### What is required
With pictures excluded, repeat exactly the lines from the one containing "and enjoyable driving." through the last line of the material below.

### Supplied material

--------------------------------

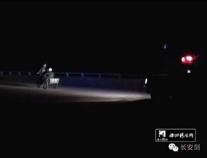 于是,郑士龙驾着警车以不到10码的车速小心跟在三轮车后,而警车的两束橘黄色车灯也照亮了老人前行的路。“大约跟着送了500米左右,到了柯山大桥的位置,他们将车停了下来。可能是累了吧,两人就坐在一起休息了。”郑士龙下车询问情况,“知道他们前往的方位后,我们便把两位老人接到了车上。”郑士龙开警车送老人,杨军则骑上了三轮车。
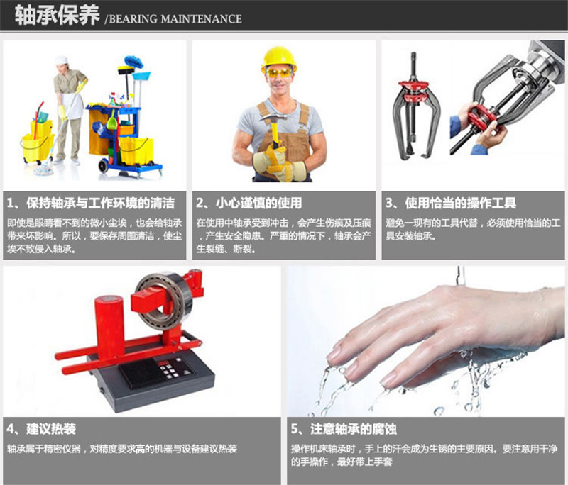 ·安装前根据轴承尺寸大小和应用环境,采取不同的安装方法 ·安装前准备好各种必要设施,同时保持零件具有较好的清洁度 ·安装和使用过程中轴承需要保持轴承和环境的清洁,避免尘埃侵入轴承 ·使用过程中需要避免给轴承产生冲击,以免造成轴承损伤 ·使用过程中需要选择合适的操作工具 ·使用过程中需要避免潮湿的环境,防止轴承锈蚀
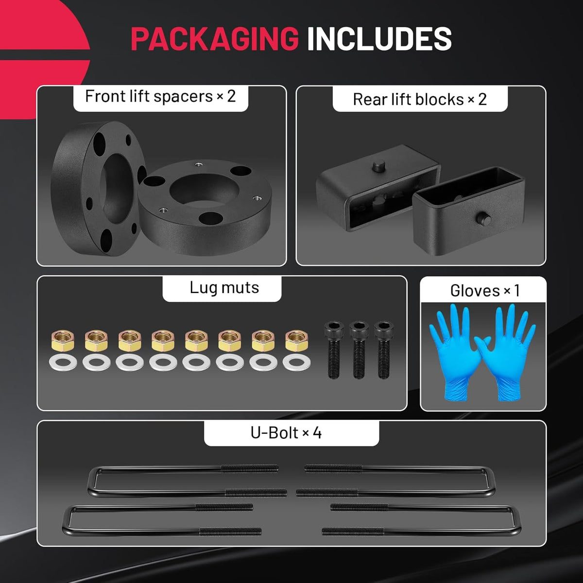 【Product Use】Generally, the car is not completely flat when driving on the road. Front lift kits are to raise the factory rake of your vehicle, make the front and rear of the car level. Increase the distance between the frame and the ground, make the vehicle look more perfect and cool. But it will never lessen your comfort level, making you more relaxed and enjoyable driving.
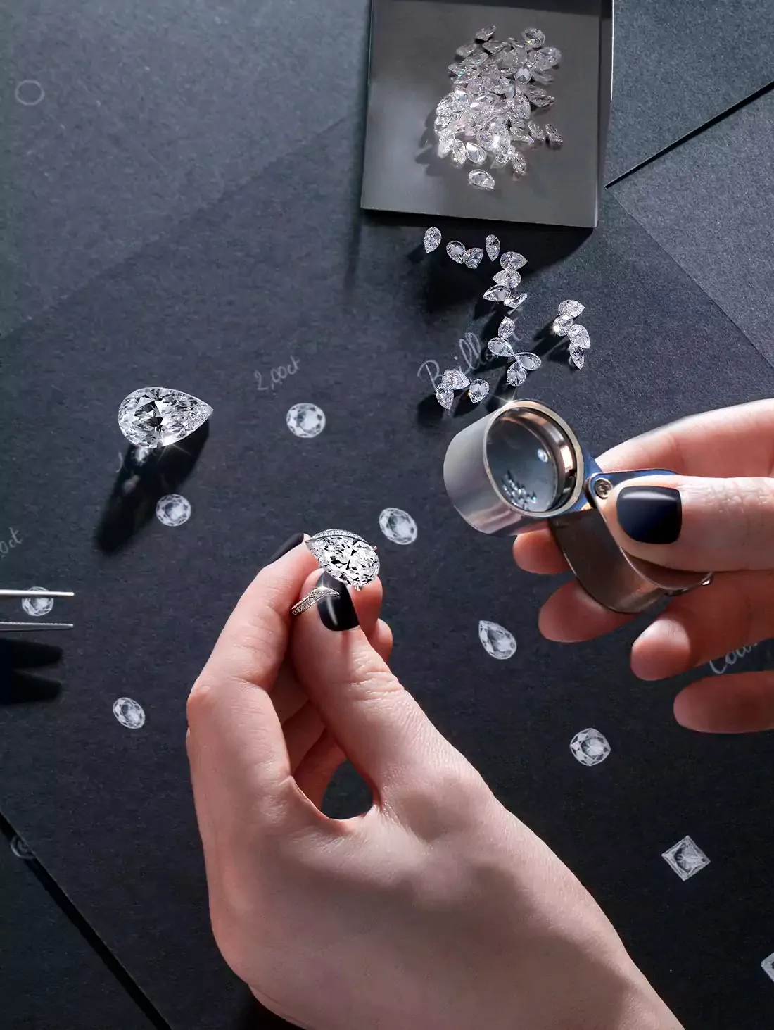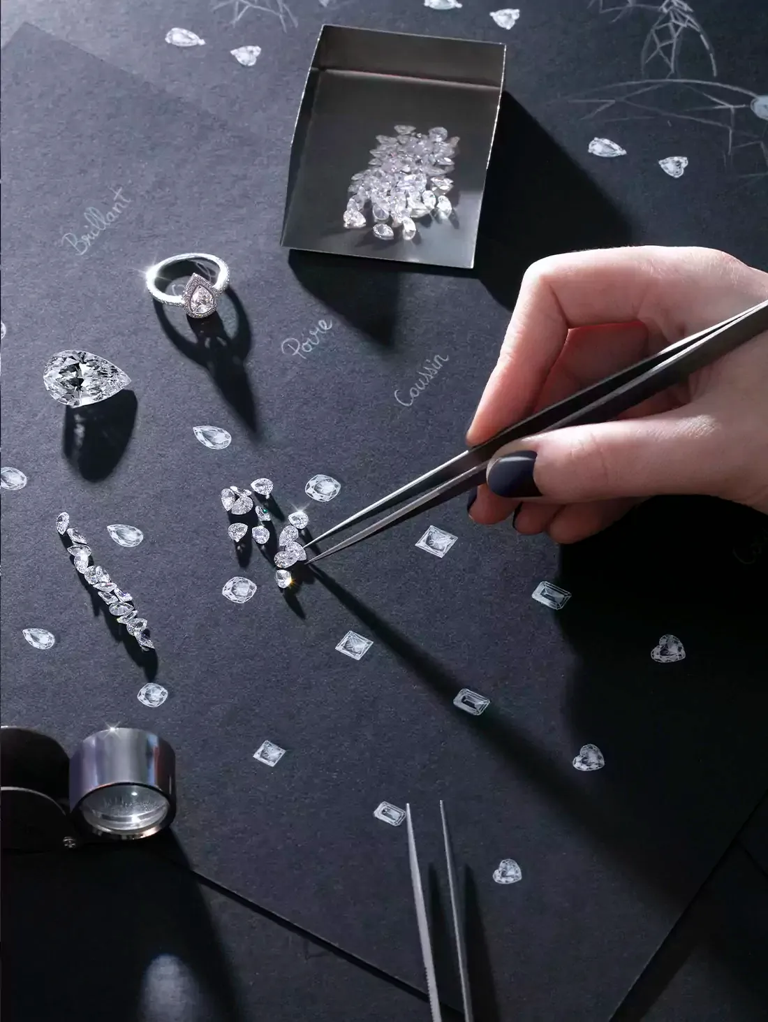 Seul le travail méticuleux de nos sertisseurs experts permet à la pierre de révéler tout son éclat.

--------------------------------

### Response area
 【Product Use】Generally, the car is not completely flat when driving on the road. Front lift kits are to raise the factory rake of your vehicle, make the front and rear of the car level. Increase the distance between the frame and the ground, make the vehicle look more perfect and cool. But it will never lessen your comfort level, making you more relaxed and enjoyable driving.
 Seul le travail méticuleux de nos sertisseurs experts permet à la pierre de révéler tout son éclat.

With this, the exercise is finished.